▸ Goal of the exercise: When you reach the line containing "Template kalender puasa", start transcribing exactly and continue through the last line of the data, skipping every picture.

▸ Exercise input:
• • • • •

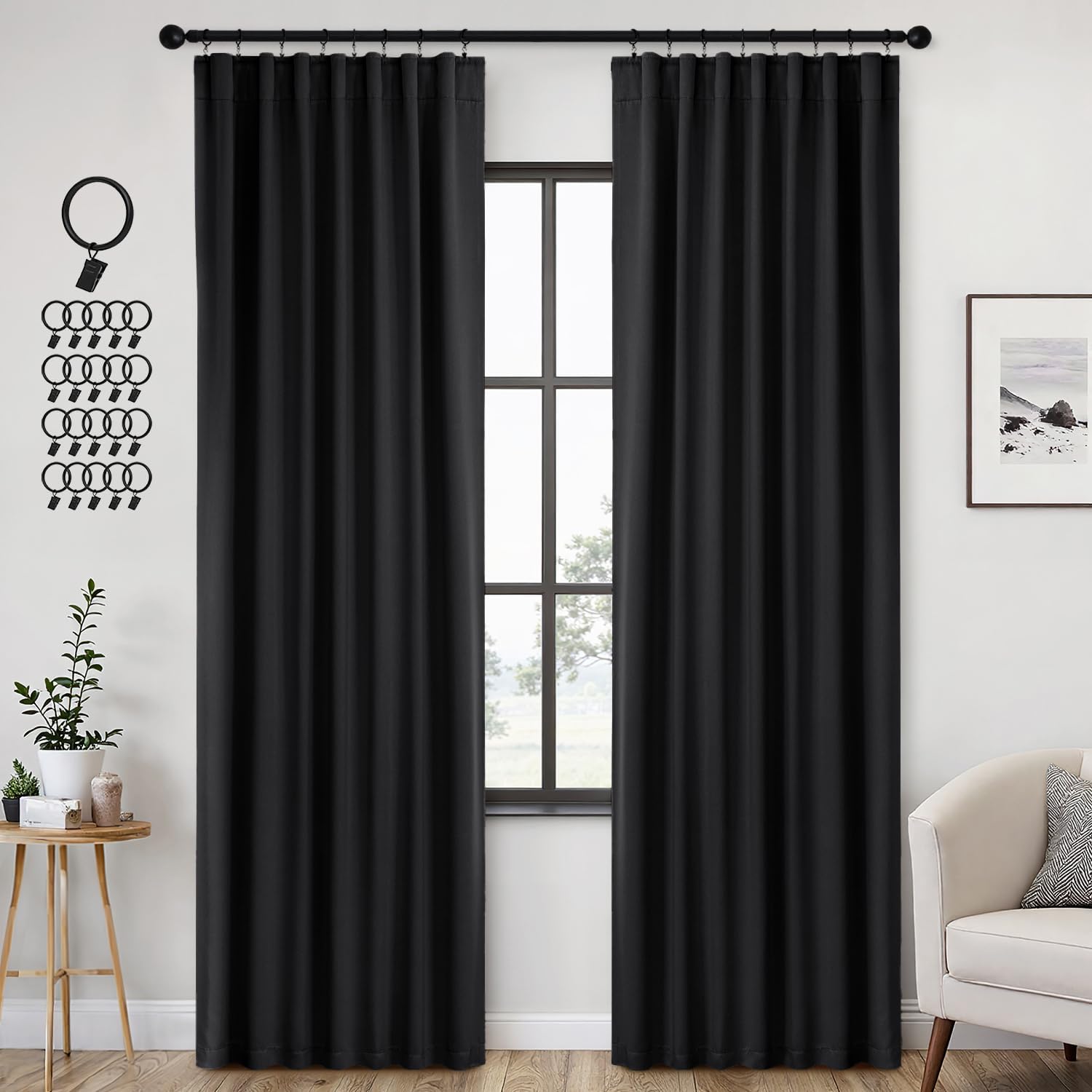 ANRODUO Back Tab Blackout Curtains for Bedroom Living Room, Rod Pocket Pinch Pleated Thermal Insulated Room Darkening Curtains 84 Inches Long 2 Panels, Black, 42 x 84 Inch
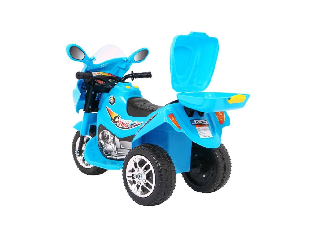 Dětská motorka, která má silné plasty, kvalitní materiály a zpracování. Jezdí vpřed i vzad – ovládá se přepínačem na nádrži a nožním pedálem na stupátku. Při nesešlápnutém pedálu tah motoru nahrazuje brzdu. Motorce svítí světla a samozřejmě nechybí zvukové efekty. Jedinečná motorka má otevíratelný kufr. Motorka je vhodná pro děti od 3 let.
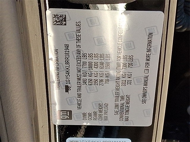 This Vehicle Includes the Following Options: Preferred Equipment Group 1SB (Adaptive Cruise Control, AKG Studio 19-Speaker Audio System, Automatic Seat Belt Tightening, Door Lock & Latch Shields, Enhanced Automatic Emergency Braking, Enhanced Automatic Parking Assist, Glass Breakage Sensor, Heated & Ventilated Driver & Front Passenger Seats, Lane Change Alert w/Side Blind Zone Alert, Mechanical Limited-Slip Differential, Power Panoramic Tilt-Sliding Sunroof, Rear Camera Mirror, Rear Camera Mirror Washer, Rear Cross Traffic Alert, Reconfigurable Full-Color Head-Up Display, Reverse Automatic Braking, Running Board Assist Steps, Theft-Deterrent Alarm System, Vehicle Inclination Sensor, and Vehicle Interior Movement Sensor), AWD, 16.9 Diagonal OLED Infotainment Screen, 19 Speakers, 2-Presets Memory For Driver Seat Adjuster, 3.23 Axle Ratio, 3rd row seats: split-bench, 4-Way Power Driver Lumbar Seat Adjuster, 4-Way Power Front Passenger Lumbar Seat Adjuster, 4-Wheel Disc Brakes, 8-Way Power Driver Seat Adjuster, 8-Way Power Front Passenger Seat Adjuster, ABS brakes, Air Conditioning, Alloy wheels, AM/FM radio: SiriusXM with 360L, Apple CarPlay/Android Auto, Audio memory, Auto High-beam Headlights, Auto tilt-away steering wheel, Auto-dimming door mirrors, Automatic temperature control, Brake assist, Bumpers: body-color, Compass, Delay-off headlights, Driver door bin, Driver vanity mirror, Dual front impact airbags, Dual front side impact airbags, Electronic Stability Control, Emergency communication system: OnStar and Cadillac connected services capable, Exterior Parking Camera Rear, Four wheel independent suspension, Front anti-roll bar, Front Bucket Seats, Front Center Armrest w/Storage, Front dual zone A/C, Front reading lights, Fully automatic headlights, Garage door transmitter, HD Radio, Heads-Up Display, Heated door mirrors, Heated Driver & Front Passenger Seats, Heated front seats, Heated rear seats, Heated steering wheel, Illuminated entry, Leather Seating Surfaces w/Mini-Chevron Perf Inserts, Low tire pressure warning, Memory seat, Navigation System, Occupant sensing airbag, Outside temperature display, Overhead airbag, Overhead console, Panic alarm, Passenger door bin, Passenger vanity mirror, Power door mirrors, Power driver seat, Power Liftgate, Power moonroof, Power passenger seat, Power steering, Power windows, Premium Smooth Ride Suspension, Radio data system, Radio: AM/FM w/Navigation, Rain sensing wipers, Rear air conditioning, Rear anti-roll bar, Rear reading lights, Rear window defroster, Rear window wiper, Remote keyless entry, Security system, SiriusXM w/360L, Speed control, Split folding rear seat, Spoiler, Steering wheel memory, Steering wheel mounted audio controls, Tachometer, Teen Driver, Telescoping steering wheel, Tilt steering wheel, Traction control, Trip computer, Turn signal indicator mirrors, Variably intermittent wipers, Ventilated front seats, Voltmeter, Wheel Locks, Wheels: 22 14-Spoke Alloy w/Polished Finish, and Wireless Apple CarPlay/Wireless Android Auto.
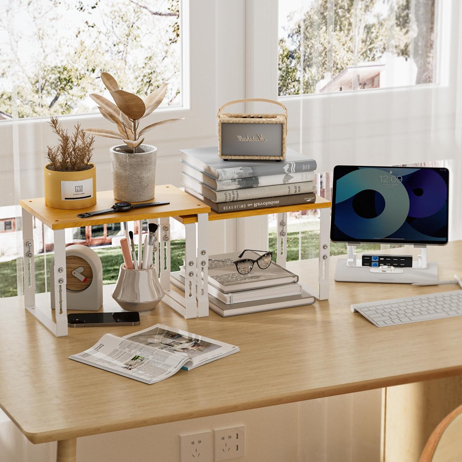 Expandable Kitchen Cabinet Organizer Shelves – Stackable Adjustable Metal and Wood Storage Racks for Countertop, Pantry, Garage Set of 2 Spice Rack – Easy Assembly, Space-Saving(2 Packs/Medium/White)
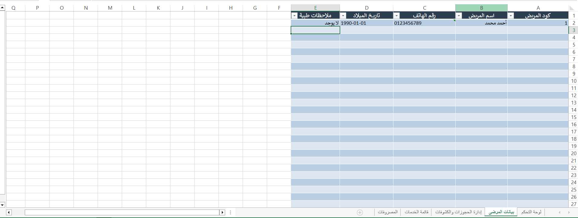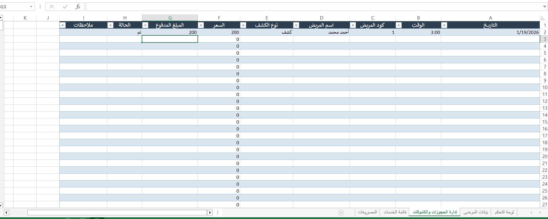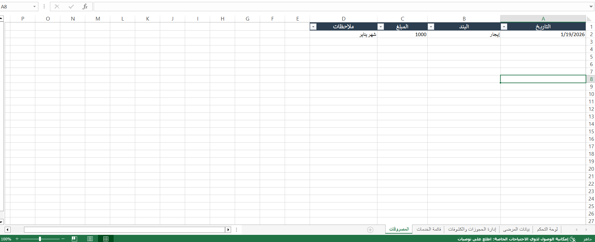 ملف إكسيل متكامل مصمم خصيصاً لإدارة العيادات الطبية بكفاءة عالية، يوفر لك:
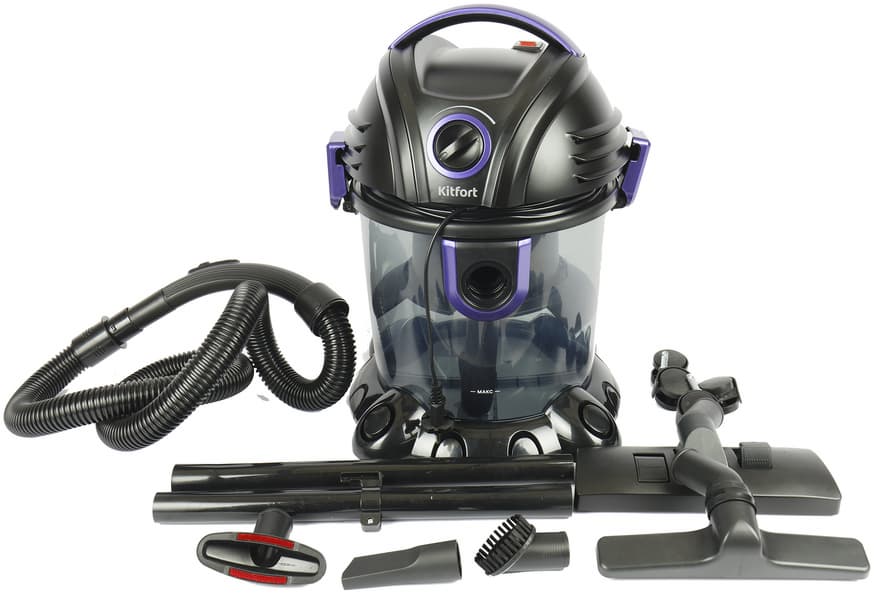 Как и любой хозяйственный пылесос, Kitfort KT-5144 — весьма тяжелый (9 кг), шумный (на максимальной мощности мы зафиксировали 87 дБА). Максимальная мощность всасывания прибора составляет 198 Вт. КПД модели составил 17,4%: неплохо!
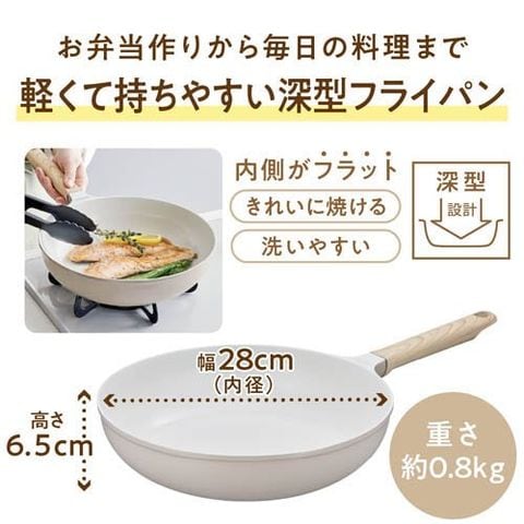 | 本体寸法:約幅48.5×奥行28.5×高さ8.5cm(胴部高さ:6.5cm) 重量:約0.8kg 内径:約28cm 対応熱源:IH・ガス火 ふっ素化合物(PFOA/PFOS)不使用 ★材質 「表面加工」内面:セラミック塗膜加工 / 外面:(底面を除く)焼付け塗装 「材料の種類」本体:アルミニウム合金 / はり底:ステンレス鋼(クロム13%)/ 取っ手:フェノール樹脂 |
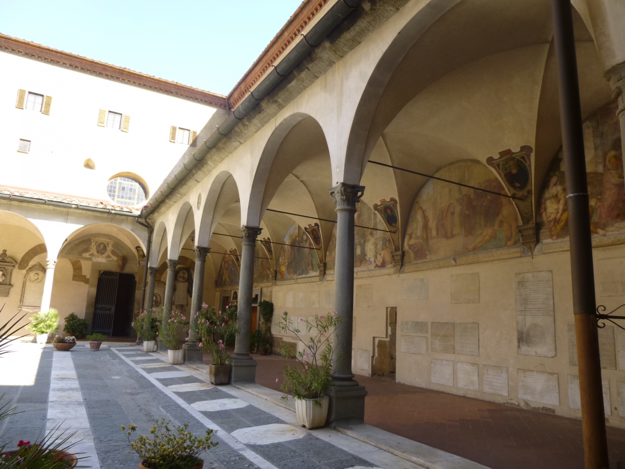 15世紀、メディチ家のお抱え建築家ミケロッツォによって再建された、フィレンツェ一美しいといわれる同名の広場に立つ教会です。
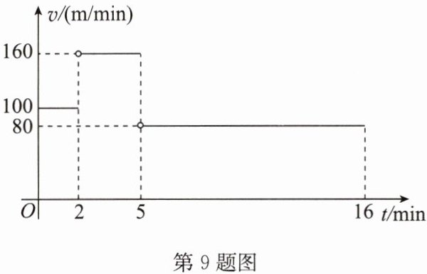 9. 小明从家出发,沿一条直道跑步,经过一段时间后按原路返回,刚好在第$16 min$回到家中,设小明出发第$t min时的速度为v m/min$,离家的距离为$s m$,$v与t$之间的函数关系如图所示(图中的空心圈表示不包含这一点).
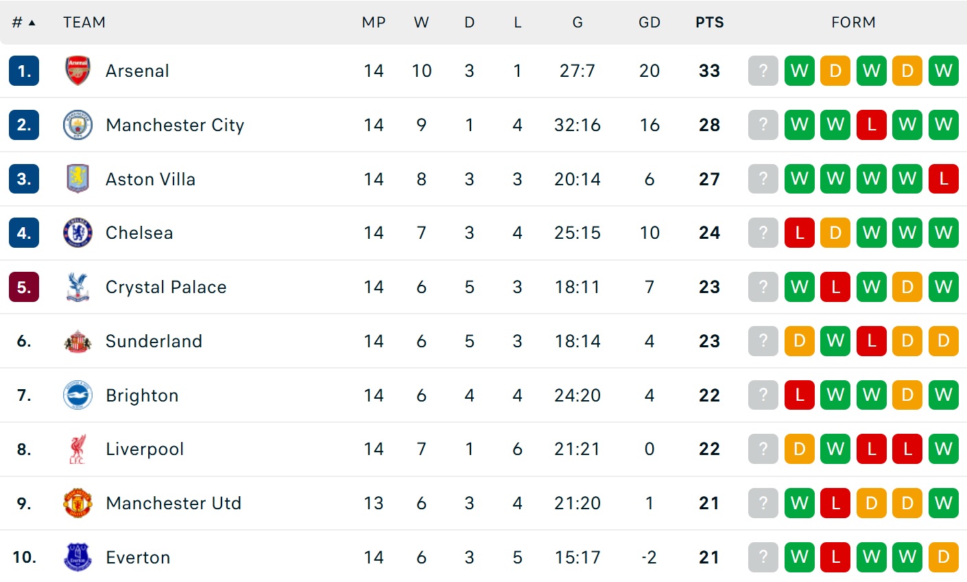 Bảng xếp hạng Ngoại hạng Anh 2025/26
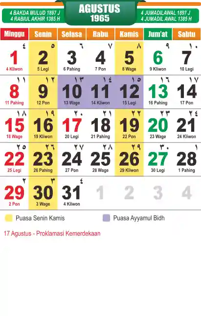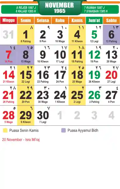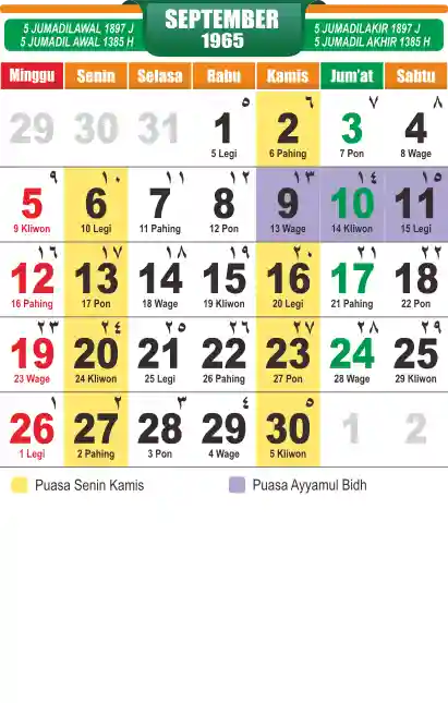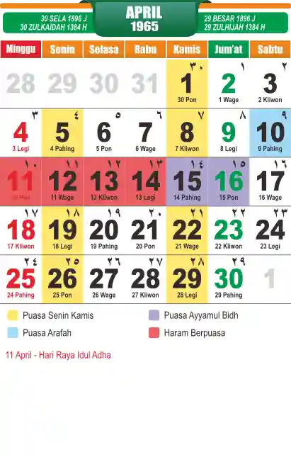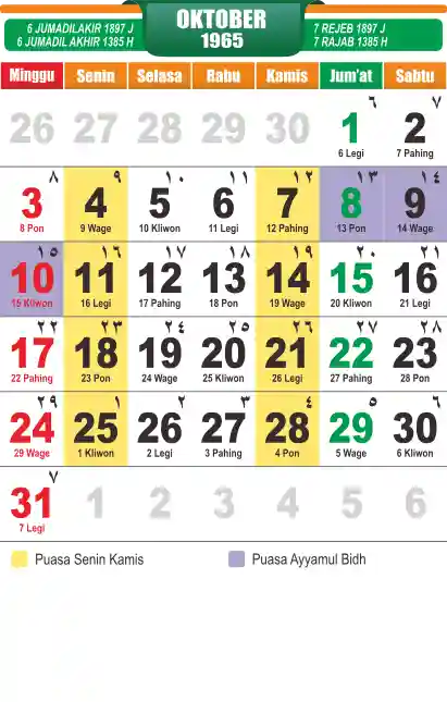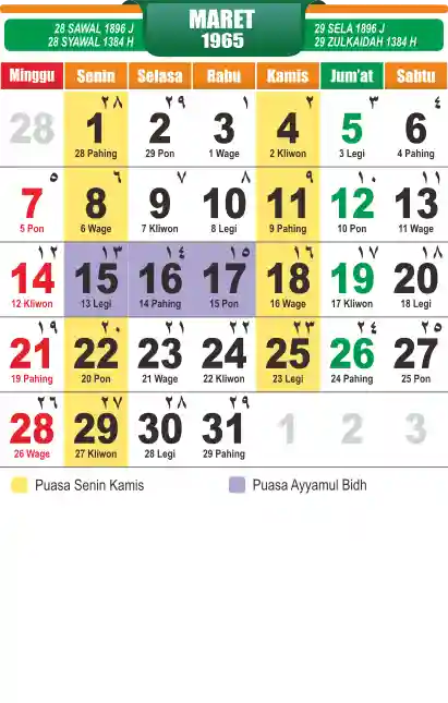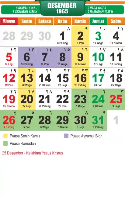 Template kalender puasa 1965, cocok sekali buat anda yang ingin cetak kalender yang bermanfat buat umat.
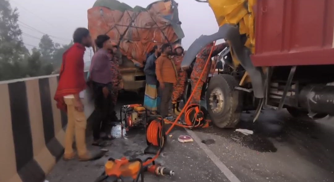 ফায়ার সার্ভিস ও স্থানীয় সূত্রে জানা গেছে, ভোর ৬ টার দিকে এক্সপ্রেসওয়ের মাওয়ামুখী লেনে একটি ট্রাক যান্ত্রিক ত্রুটির কারণে দাঁড়িয়ে মেরামত করা হচ্ছিল। এসময় মাওয়াগামী দ্রুতগতির অন্য একটি ট্রাক নিয়ন্ত্রণ হারিয়ে দাঁড়িয়ে থাকা ট্রাকটির পেছনে সজোরে ধাক্কা দেয়। এতে সামনের ট্রাকের হেলপার ছিটকে পড়ে আহত হন এবং পেছনের ট্রাকের হেলপার কেবিনের ভেতরে আটকা পড়েন।
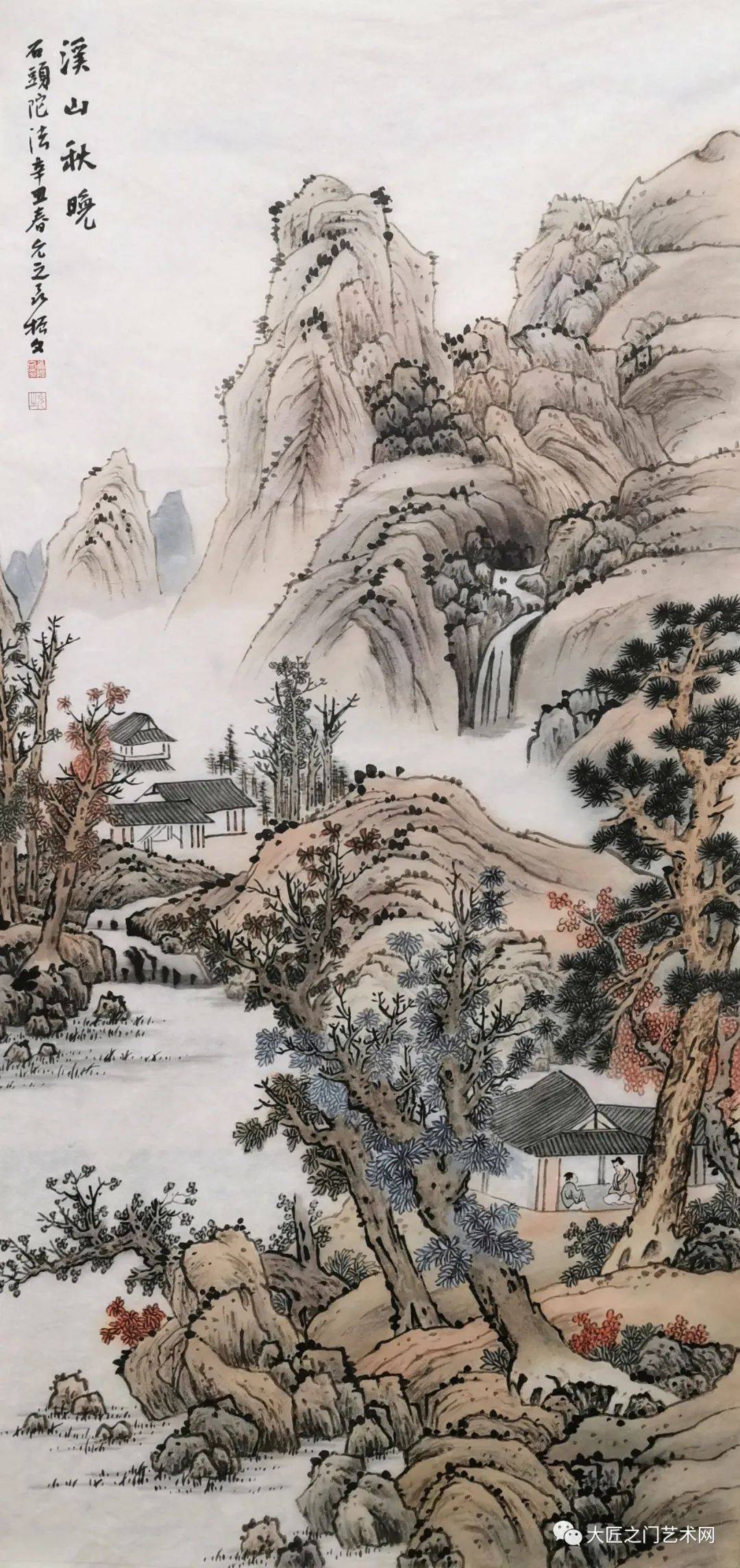 其三泼彩破墨鲜明夺目。《 江山胜览》《翠岭秋华》等,或画群山蜿蜒,或画观泉论道,无不突出了泼彩鲜丽的植被山岚和其红如火的红叶点点。而《烟岚黄山》《清秋揽胜》《浩然天地秋》与《无题》团扇等,均作于金笺纸上,无论画群山深谷、绝壁渔舟,还是高山流泉,都在破墨泼彩的作品中,巧妙利用金地、白粉、朱红、澄黄等色彩的泼洒、流动和沉淀,辅以点笔渲染,形成了灿烂辉煌有写意味道的金碧山水。

• • • • •

▸ Reply:
 Template kalender puasa 1965, cocok sekali buat anda yang ingin cetak kalender yang bermanfat buat umat.
 ফায়ার সার্ভিস ও স্থানীয় সূত্রে জানা গেছে, ভোর ৬ টার দিকে এক্সপ্রেসওয়ের মাওয়ামুখী লেনে একটি ট্রাক যান্ত্রিক ত্রুটির কারণে দাঁড়িয়ে মেরামত করা হচ্ছিল। এসময় মাওয়াগামী দ্রুতগতির অন্য একটি ট্রাক নিয়ন্ত্রণ হারিয়ে দাঁড়িয়ে থাকা ট্রাকটির পেছনে সজোরে ধাক্কা দেয়। এতে সামনের ট্রাকের হেলপার ছিটকে পড়ে আহত হন এবং পেছনের ট্রাকের হেলপার কেবিনের ভেতরে আটকা পড়েন।
 其三泼彩破墨鲜明夺目。《 江山胜览》《翠岭秋华》等,或画群山蜿蜒,或画观泉论道,无不突出了泼彩鲜丽的植被山岚和其红如火的红叶点点。而《烟岚黄山》《清秋揽胜》《浩然天地秋》与《无题》团扇等,均作于金笺纸上,无论画群山深谷、绝壁渔舟,还是高山流泉,都在破墨泼彩的作品中,巧妙利用金地、白粉、朱红、澄黄等色彩的泼洒、流动和沉淀,辅以点笔渲染,形成了灿烂辉煌有写意味道的金碧山水。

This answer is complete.